I've used the minutes behind query from troubleshooting workflow performance and everything is caught up, I've tried to verify indices are okay and as far as I can tell they are. I'm not much of a DBA so not sure what else I can do to figure out what's going on with SQL. I will see the SQL server CPU spike to 100% every so often, but usually it's around 10-15% usage.


Details about our configuration:

Primary mgmt server: Server 2019, 4 cpu cores, 32gb ram

Database server: Server 2019, SQL 2017, 8 cpu cores, 32gb ram

Secondary mgmt/portal serevr: Server 2019, 4 cpu cores, 24gb ram

All servers are VM's on Citrix xen server hypervisor. CPU's are Xeon Gold 6230, same virtual pool and same subnet for networking.


Any thoughts or ideas on how to troubleshoot would be greatly appreciated!


Thanks,

James

Answers

  • Shane_WhiteShane_White Cireson Support Super IT Monkey ✭✭✭✭✭

    Hi @James_Johnson

    When you installed 2019, did you installed UR2?

    If so, did you apply the fix they mention:

    Known issues with this update:

    Microsoft is getting reports that Workflows are getting delayed due to intermittently crashing of MonitoringHost.exe process. An error (Event ID: 1026) is also logged under Event Viewer with Exception Info 'UnauthorizedAccessException'.


    Solution

    Run the SQL script from hereafter applying the UR patch.


    Thanks,

    Shane

  • James_JohnsonJames_Johnson Customer Adept IT Monkey ✭✭

    Hi @Shane_White

    I did install UR2 but I had already run that SQL script, didn't seem to have much effect for me. We're supposed to leave that block commented out right?


    Thanks,

    James

  • Shane_WhiteShane_White Cireson Support Super IT Monkey ✭✭✭✭✭

    Hi @James_Johnson

    Yep just run the script how it is when it is downloaded! So that rules that out!

    The other thing you could do is run the below script to see how far behind your workflows are and maybe which one is causing the backup!

    Thanks,

    Shane

  • James_JohnsonJames_Johnson Customer Adept IT Monkey ✭✭

    I've checked that before and none of the workflows are actually behind at all, some of them do have a value in NonZeroEventCount if that matters.


    Thanks,

    James

  • Shane_WhiteShane_White Cireson Support Super IT Monkey ✭✭✭✭✭

    What portal version are you on?

    Do you have any customisation in your environment?

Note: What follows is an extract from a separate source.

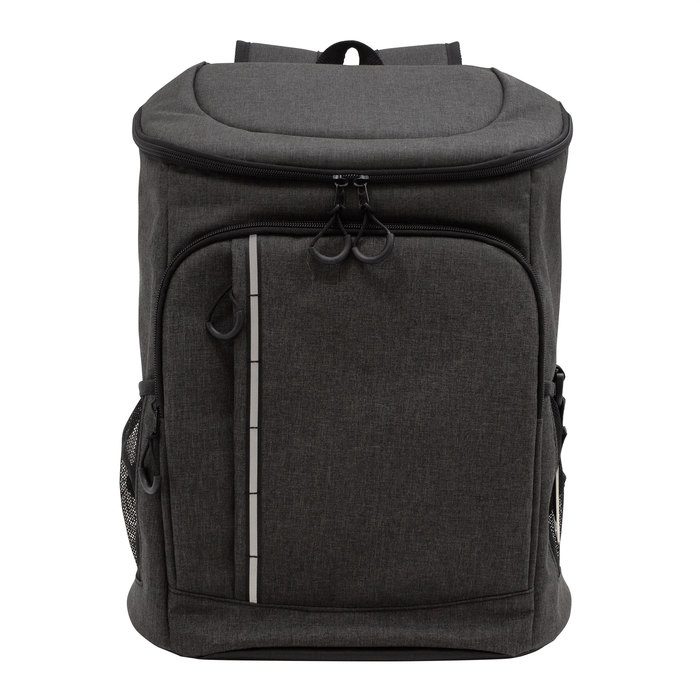 43 x 29 x 18 cm. Capacidad 18 litros aprox. Poliéster Wulong 300D + Interior forrado en PEVA color plata con relleno de espuma de PE. Mochila cooler. Compartimento principal con cierre en la parte superior. Compartimento frontal con cierre, bolsillo interno de red con cierre y bolsillo externo vertical con cierre y banda reflectante. Dos bolsillos laterales de red multipropósito. Incluye destapador de botellas de acero inoxidable (6,3 x 3,3 xm) extraíble. Correas regulables acolchadas. Cierres metálicos. Tiradores de cierre plásticos en forma de U de color negro.

  • James_JohnsonJames_Johnson Customer Adept IT Monkey ✭✭

    10.2.4, and yes we have some customizations but they are the same ones currently running on our production servers. I can try removing them for now.

  • Shane_WhiteShane_White Cireson Support Super IT Monkey ✭✭✭✭✭

    Just try to eliminate as much as possible to kind of narrow it down.

    The other you could do is run a SQL Server Profiler trace and see what's running that is heavy!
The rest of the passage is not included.